I've wanted a Gem tang for quite some time now after owning several other cool tangs, one being a black tang which was my favourite, i decided I'd try to see if I could find a gem tang for a reasonable price. So black friday comes around and with all the sales a gem tang became available to me for a great price. After finding a new home for my Purple Tang and setting up a new biopellet reactor, i finally managed to get some time to make my way down to Big Show Frags in Hamilton to pick up my newly aquired Gem Tang. Unable to get a great look at him while I was there I made the trip home in anticipation to acclimate him into his new home and get a better look at him. Here he is in the bucket acclimating, so far he's been in the tank for a couple hours and is fitting in great, hopefully more pictures to come. 







[/URL]
[/IMG]


----------



## corpusse (Jan 3, 2011)

Congrats. Beautiful fish.


----------



## zoapaly (Jul 10, 2013)

Nice ...buy gem tang get free hammer


----------



## imy112 (Dec 8, 2011)

Congratulations on the gem! Stunning fish!


----------



## deeznutz (Aug 21, 2013)

Sweet fish. I could never buy a fish like that unless there was a 10 year warranty lol.


----------



## MStnbrgn (Oct 11, 2015)

zoapaly said:


> Nice ...buy gem tang get free hammer


Haha I needed something to keep the poor little guy company in the bucket.



deeznutz said:


> Sweet fish. I could never buy a fish like that unless there was a 10 year warranty lol.


I know what you mean, I was worried at first but these guy are pretty tough, that and this guy is tiny so it should hopefully stay with me for the next 10 years.


----------



## MStnbrgn (Oct 11, 2015)

Here are a couple of pictures of it in the tank, not the best quality as it never stays still.


----------



## nc208082 (Jun 27, 2013)

Nice tang. In that last pic is that an eel next to a lightning maroon and a gold nugget clown?

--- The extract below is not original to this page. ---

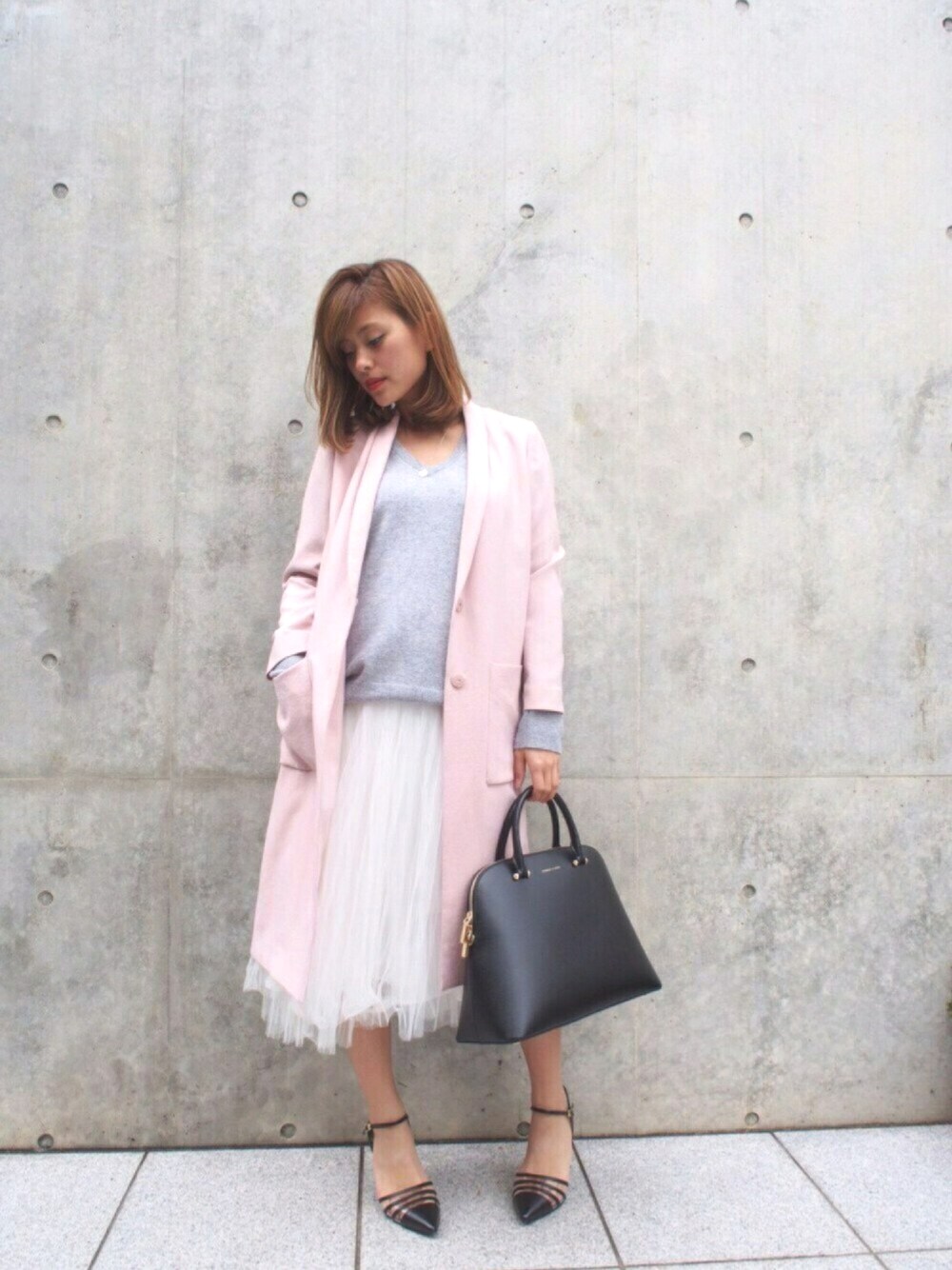 淡いカラーのロングジャケットとbeauty&youthのカシミアニット、プリーツチュールスカートで春を意識したコーディネート…* クリアー素材がコンビネーションになった女らしいパンプスがポイント。 娘のオムツや自身のメイク道具、財布や小物なども入るバッグがお気に入り。 ママでもきちんとしたスタイルになれるバッグ❤︎
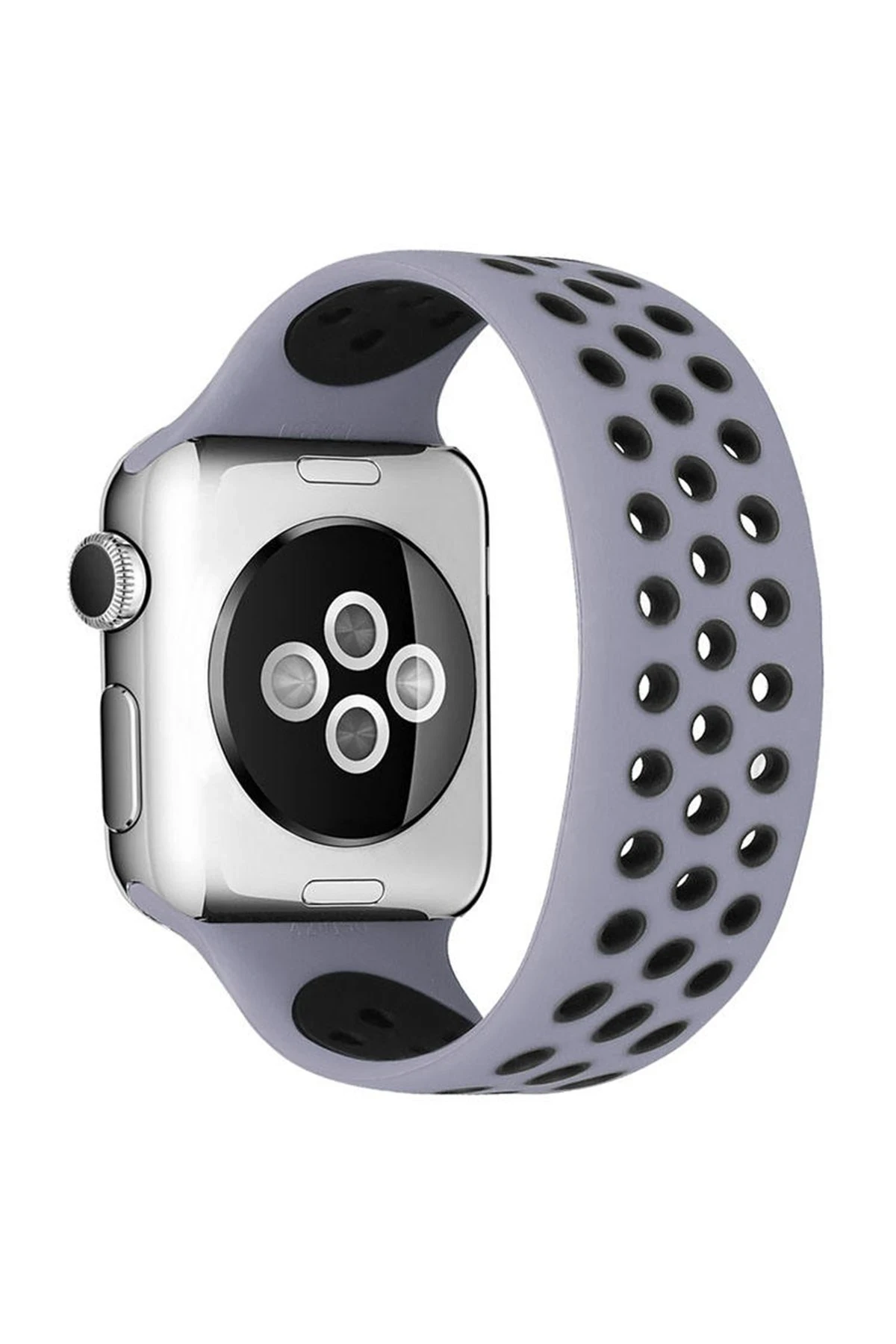 Newface Apple Watch 42mm Ayarlı Delikli Silikon Kordon – Gri-Siyah

Sent from my SM-G900W8 using Tapatalk


----------



## zoapaly (Jul 10, 2013)

nc208082 said:


> Nice tang. In that last pic is that an eel next to a lightning maroon and a gold nugget clown?
> 
> Sent from my SM-G900W8 using Tapatalk


Look like Lightning Maroon


----------



## MStnbrgn (Oct 11, 2015)

nc208082 said:


> Nice tang. In that last pic is that an eel next to a lightning maroon and a gold nugget clown?
> 
> Sent from my SM-G900W8 using Tapatalk


Thanks! That's my male gold nugget who is halfway through his transformation so almost all gold, then my female lightning maroon and then one of my gold dwarf moray eels.


----------